(Given material)
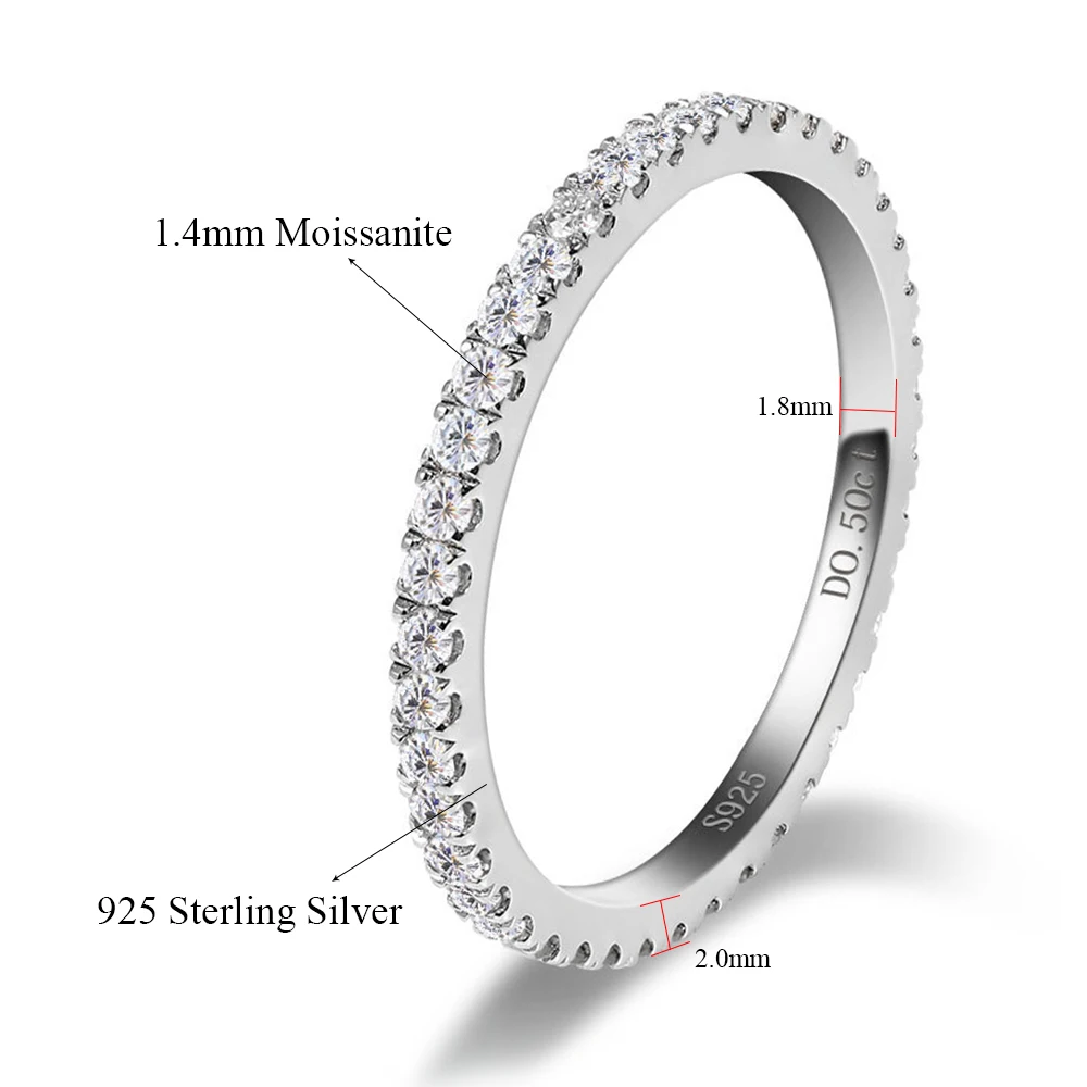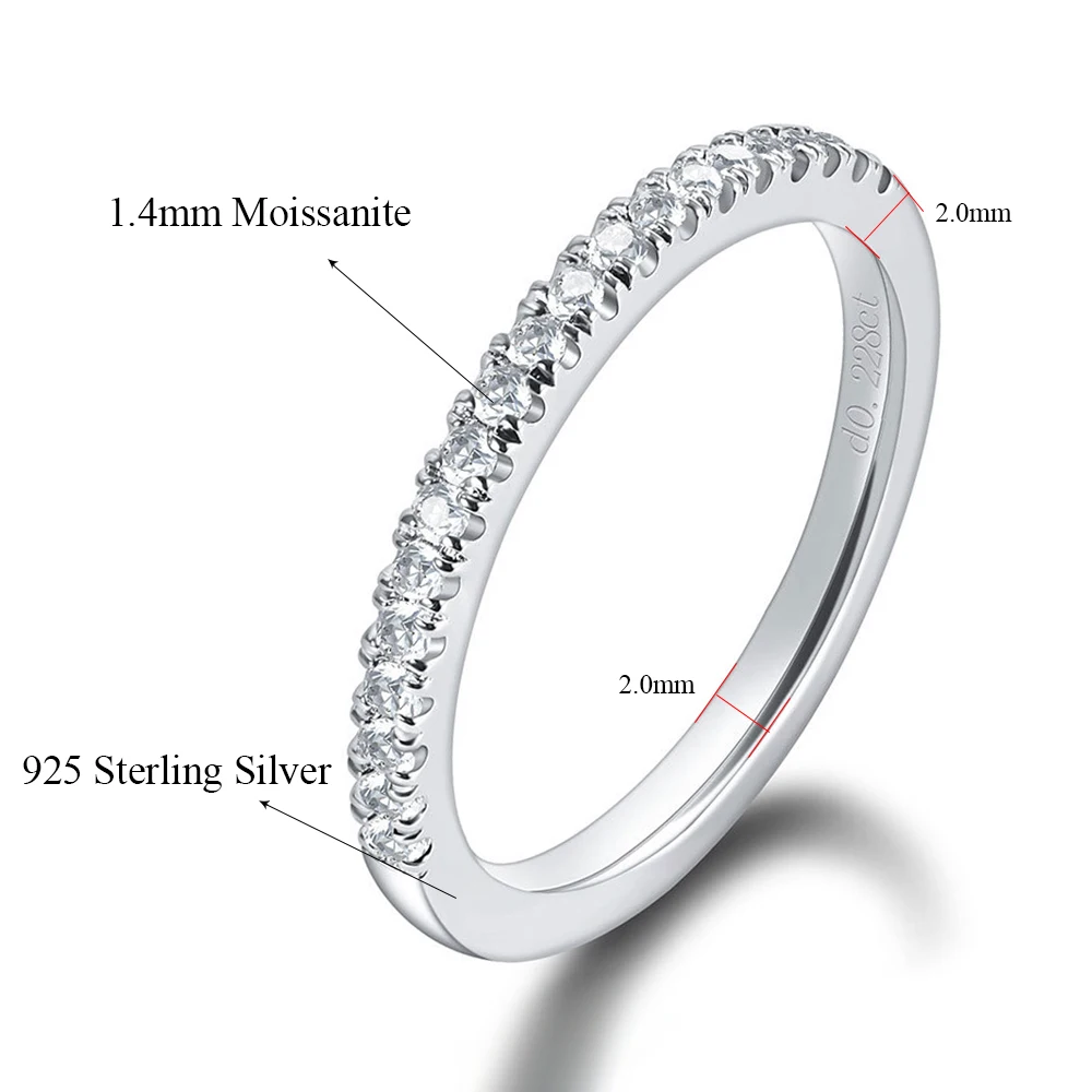 1.4mm Moissanite Wedding Band for Women S925 Sterling Silver Moissanite Rings D Color VVS1 Lab Diamond Ring Fine Jewelry Gift
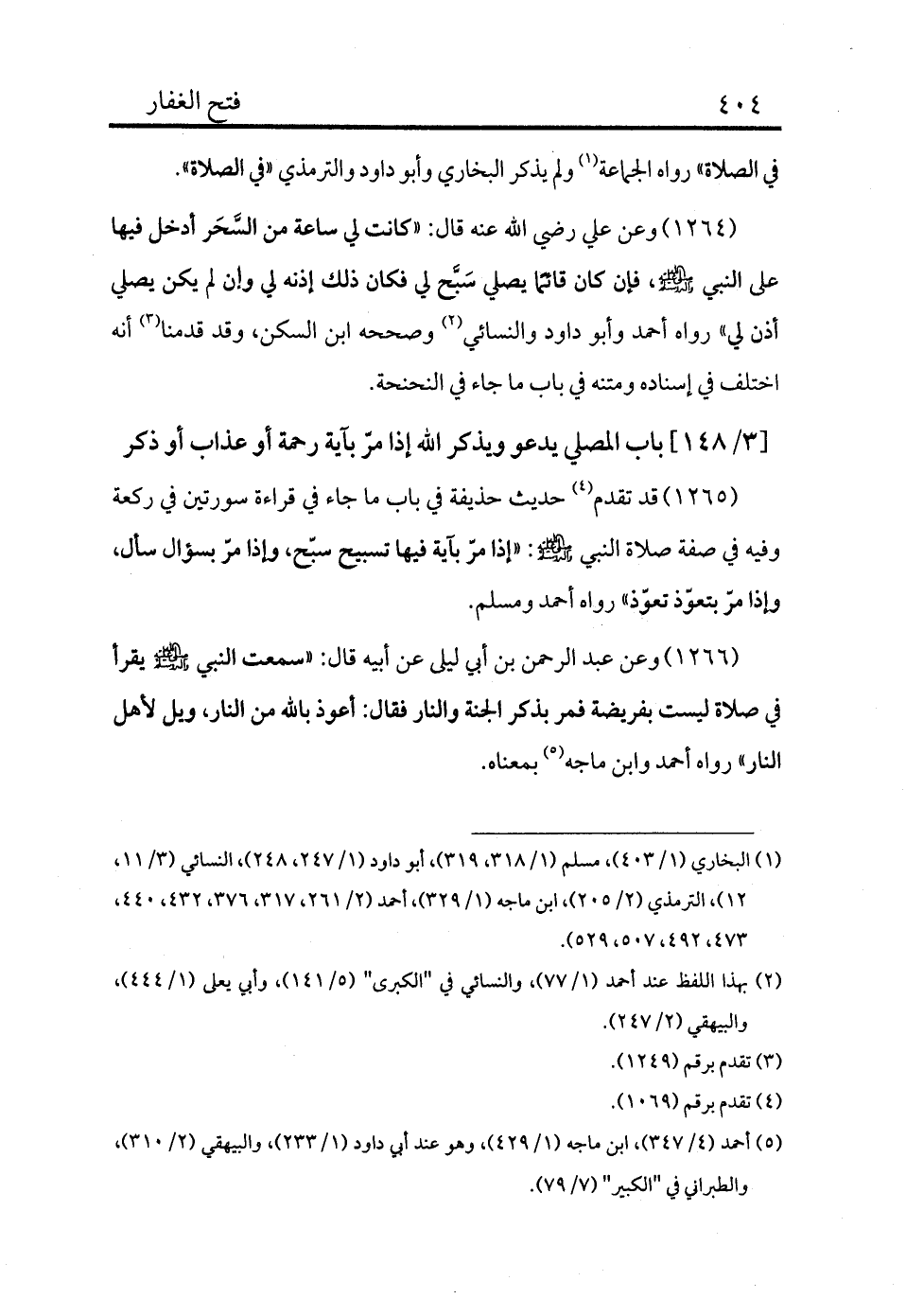 1266 - وعن عبد الرحمن بن أبي ليلى عن أبيه قال: «سمعت النبي - صلى الله عليه وسلم - يقرأ في صلاة ليست بفريضة فمر بذكر الجنة والنار فقال: أعوذ بالله من النار، ويل لأهل النار» رواه أحمد وابن ماجه (¬5) بمعناه.
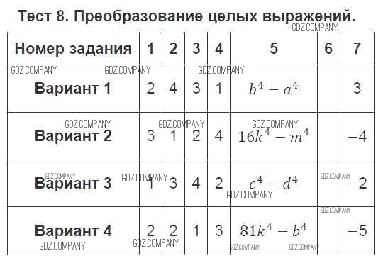 Здесь готовые ответы по Алгебре за 7 (седьмой) класс от Дудницын, Кронгауз Тематические тесты (издательство: Просвещение от 2011 г.) № 8
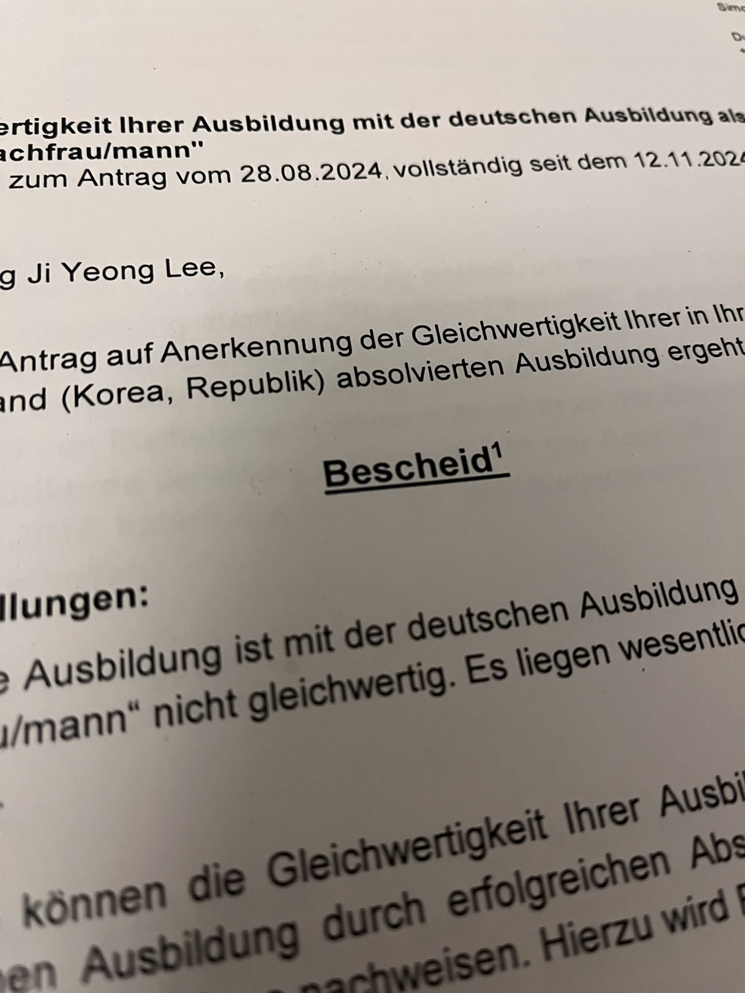 다시 정리해보자면, 나는 독일에서 간호사로 일하기 위해 한국에서 서류들을 챙겨 독일로 왔다. 그 서류엔 면허증부터 시작해 고등학교 졸업증명서, 대학교 졸업증명서와 시간이수가 기재된 성적표, 실습 확인서, 경력 증명서 등이 속한다. 이는 한국 간호사와 독일 간호사에 대한 일종의 '자격 동등성'을 비교하는 과정에 필요하며, 이를 'Anerkennung' 즉, '인증'으로 칭한다. 그리고 나는 그 Anerkennung 과정에 진입하기위해 서류를 제출해 지금까지 기다려왔던 것이고, 이제 이에 대한 Besched, 즉 '결정'이 난 것이다. 앞으로 내가 어떤식으로 인증과정을 진행할 수 있는지에 대한게 결정된 것이다.
(End Given material)
Activity: Above, find the line with "1266 - وعن عبد"; copy it and every line down to the line with "Здесь готовые ответы", exactly and both included, but no pictures.

Written reply:
 1266 - وعن عبد الرحمن بن أبي ليلى عن أبيه قال: «سمعت النبي - صلى الله عليه وسلم - يقرأ في صلاة ليست بفريضة فمر بذكر الجنة والنار فقال: أعوذ بالله من النار، ويل لأهل النار» رواه أحمد وابن ماجه (¬5) بمعناه.
 Здесь готовые ответы по Алгебре за 7 (седьмой) класс от Дудницын, Кронгауз Тематические тесты (издательство: Просвещение от 2011 г.) № 8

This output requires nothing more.